This is an implementation of the power calculation method described in Section 14.12 (page 807) of Rosner (2006). The method was proposed by Freedman (1982).

Suppose we want to compare the survival curves between an experimental group (E) and a control group (C) in a clinical trial with a maximum follow-up of t years. The Cox proportional hazards regression model is assumed to have the form:

h(t|X_1)=h_0(t)\exp(β_1 X_1).

Let n_E be the number of participants in the E group and n_C be the number of participants in the C group. We wish to test the hypothesis H0: RR=1 versus H1: RR not equal to 1, where RR=\exp(β_1)=underlying hazard ratio for the E group versus the C group.
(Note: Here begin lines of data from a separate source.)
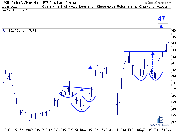 SIL’s huge day on Monday put it very close to the first of our multiple bullish targets (47).
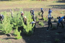 В день посадки леса выпускные 9 и 11 классы посадили в Аллее Выпускников сосны и ели, обновили Аллею Добра перед школой.
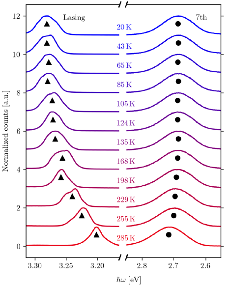 本文進(jìn)行了溫度和強(qiáng)度相關(guān)的測(cè)量,以直接探究Mott相變隨溫度的變化情況,從而展示了該儀器在研究固體中重要相變方面的實(shí)用性。下圖是在中紅外強(qiáng)度高于Mott相變(0.473 ± 0.015 TW/cm2)的情況下收集的。激光模式(實(shí)心三角形)清晰地顯示了隨著溫度的變化而產(chǎn)生的能量偏移,而諧波(實(shí)心圓)則在溫度變化方面幾乎沒(méi)有偏差,研究人員將其歸因于驅(qū)動(dòng)光的光子能量的輕微熱漂移。
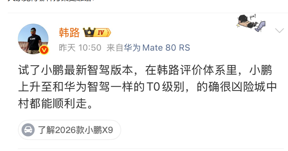 汽车智驾界限再迎重磅音书,行业大咖韩路直言小鹏最新智驾版块已置身与华为智驾同级的 T0 梯队,即便在东说念主车羼杂、路况复杂的城中村场景,也能斥逐顺利通行。这一评价让小鹏纯视觉智驾有斟酌再度成为焦点,要知说念小鹏坚合手的纯视觉门道,与华为深耕的激光雷达门道迥然相异,前者主打资本为止、数据迭代与无图泛化智力,后者聚焦安全冗余、极点场景可靠阐扬,两大时期门道各有中枢上风,业内也大齐合计短期内智驾市集将迎来双门道并存的表情。
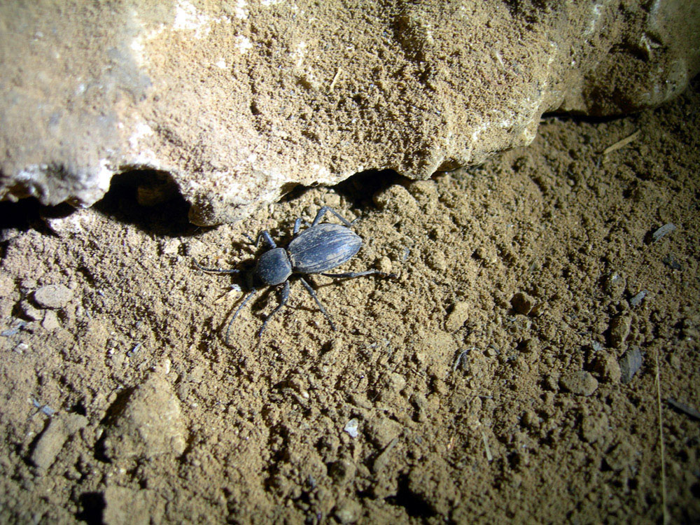 Nella stessa splendida giornata che ci ha fruttato il Musurgus stridens e la Thyreogonia costata riusciamo a portare a termine una piccola missione speleologica che sognavo da molti anni e che avevo cercato di programmare al meglio prima di partire: grotta di Kef Aziza presso il minuscolo villaggio di Tazouguerte (provincia di Errachidia, non lontano da Boudnib) Dopo una bella sudata (sono le tre del pomeriggio e c’è un caldo rabbioso) raggiungiamo l’ingresso della grotta Nella grotta la temperatura è decisamente più mite rispetto al caldo torrido che c’è fuori, anche se continuiamo a sudare per l’umidità e per la frenetica attività di girare tutte le pietre  Eccola finalmente: Akis penoti Antoine, 1957 Questa Akis fu descritta come sottospecie di Akis susica (della costa atlantica del sud del Marocco) e talora confusa con Akis heydeni (dell’Alto Atlante); secondo me (ma devo ancora studiarla in dettaglio) è probabilmente una specie valida ben caratterizzata. Si conosce solo ed esclusivamente di questa grotta, dove probabilmente è rimasta confinata dai cambiamenti climatici e ambientali verificatisi nella regione. Questi sono i primi esemplari che vedo (e anche i primi di cui ho notizia dopo la descrizione basata su due individui). La specie è presente sia nel tratto iniziale della grotta (dove ancora la luce penetra parzialmente), sia più in profondità dove l’oscurità è totale

Let RR be the postulated hazard ratio, α be the significance level. Assume that the test is a two-sided test. If the ratio of participants in group E compared to group C = n_E/n_C=k, then the power of the test is

power=Φ(√{k*m}*|RR-1|/(k*RR+1)-z_{1-α/2}),

where

m=n_E p_E+n_C p_C,

and z_{1-α/2} is the 100 (1-α/2) percentile of the standard normal distribution N(0, 1), Φ is the cumulative distribution function (CDF) of N(0, 1).

## Value

The power of the test.

## Note

The power formula assumes that the central-limit theorem is valid and hence is appropriate for large samples.

## References

Freedman, L.S. (1982). Tables of the number of patients required in clinical trials using the log-rank test. Statistics in Medicine. 1: 121-129

Rosner B. (2006). Fundamentals of Biostatistics. (6-th edition). Thomson Brooks/Cole.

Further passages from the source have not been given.